-2

I was trying to make a very basic text editor with Win32 that has the ability to read files and change the text of an edit control to it. I want it to be able to handle chars in all languages, so I tried to use a LPWSTR for the second parameter of ReadFile(), like this:

HANDLE file = CreateFile(_T("D:\\C++ Stuff\\Testing.txt"), GENERIC_READ, FILE_SHARE_READ, NULL, OPEN_EXISTING, FILE_ATTRIBUTE_NORMAL, NULL);
DWORD fileSize = GetFileSize(file, NULL);
LPWSTR buffer = (LPWSTR)GlobalAlloc(GPTR, fileSize + 1);
DWORD read;
ReadFile(file, buffer, fileSize, &read, NULL);
MessageBox(NULL, buffer, NULL, NULL);
GlobalFree(buffer);

But the MessageBox shows up with a bunch of gibberish! If I use debug mode and add a watch to buffer, it's still the same. It makes no difference if the file opening contains UTF-16 encoded chars or not. Is this normal? If yes, is there any alternative way to read the file into a LPWSTR? If no, how to fix it? I'm using Visual Studio 2015 for this project.

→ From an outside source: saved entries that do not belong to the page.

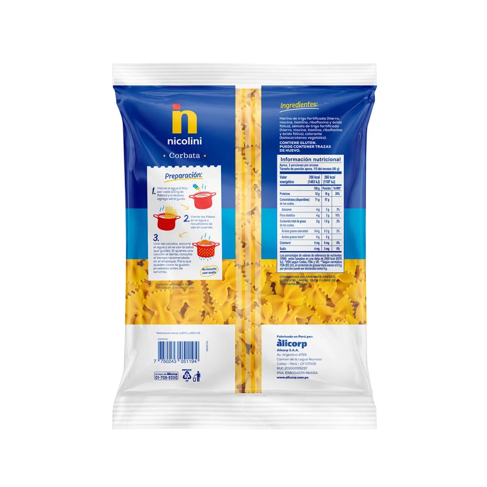 Fideos Corbata NICOLINI Bolsa 250g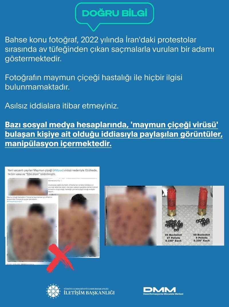 DMM'den yapılan açıklamalara şu ifadelere yer verildi; "Bazı sosyal medya hesaplarında, 'maymun çiçeği virüsü' bulaşan kişiye ait olduğu iddiasıyla paylaşılan görüntüler, manipülasyon içermektedir.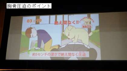 真剣に、胸骨圧迫の練習をしていました。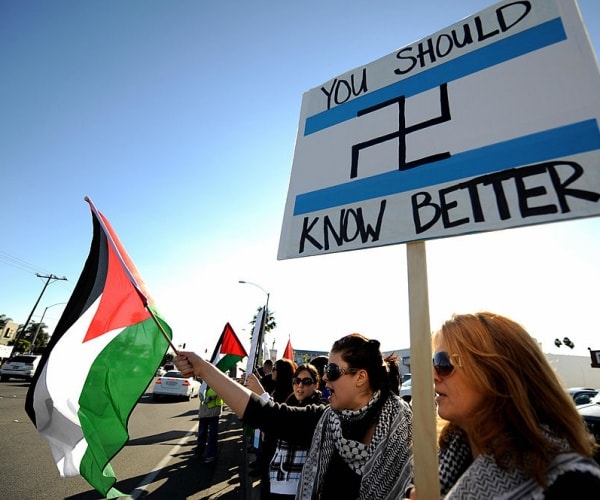 Anti-Israel protesters on Thursday threw smoke bombs and poured red paint on the sidewalk in front of the home of the president of a prominent Jewish group.

P.S. The code provided is only an example. In the actual code, I have checks for if CreateFile(), GetFileSize(), GlobalAlloc() and ReadFile() failed or not and null-termination of buffer.

Tyler Tian
  • 597
  • 1
  • 6
  • 22
  • One obvious issue is that your buffer probably isn't null-terminated. Otherwise it's impossible to know what the problem could be without knowing what the data in the file consists of. You're also doing no error checking - so for instance, the `CreateFile` may actually be failing. – Jonathan Potter Mar 26 '16 at 01:18
  • @JonathanPotter This is only an example... In the actual program I have error checking and null-termination and everything. – Tyler Tian Mar 26 '16 at 01:23
  • Don't show examples, show real code. – Jonathan Potter Mar 26 '16 at 01:24

1 Answers1

3

If the text file is in ASCII/UTF-8, then reading it as raw bytes into a wide character (LPWSTR) will result in very odd garbage, because e.g. the characters ABCD (ASCII/UTF-8 encoded as 65, 66, 67, 68) would be instead encoded as two wide-character values of 0x4142 0x4344).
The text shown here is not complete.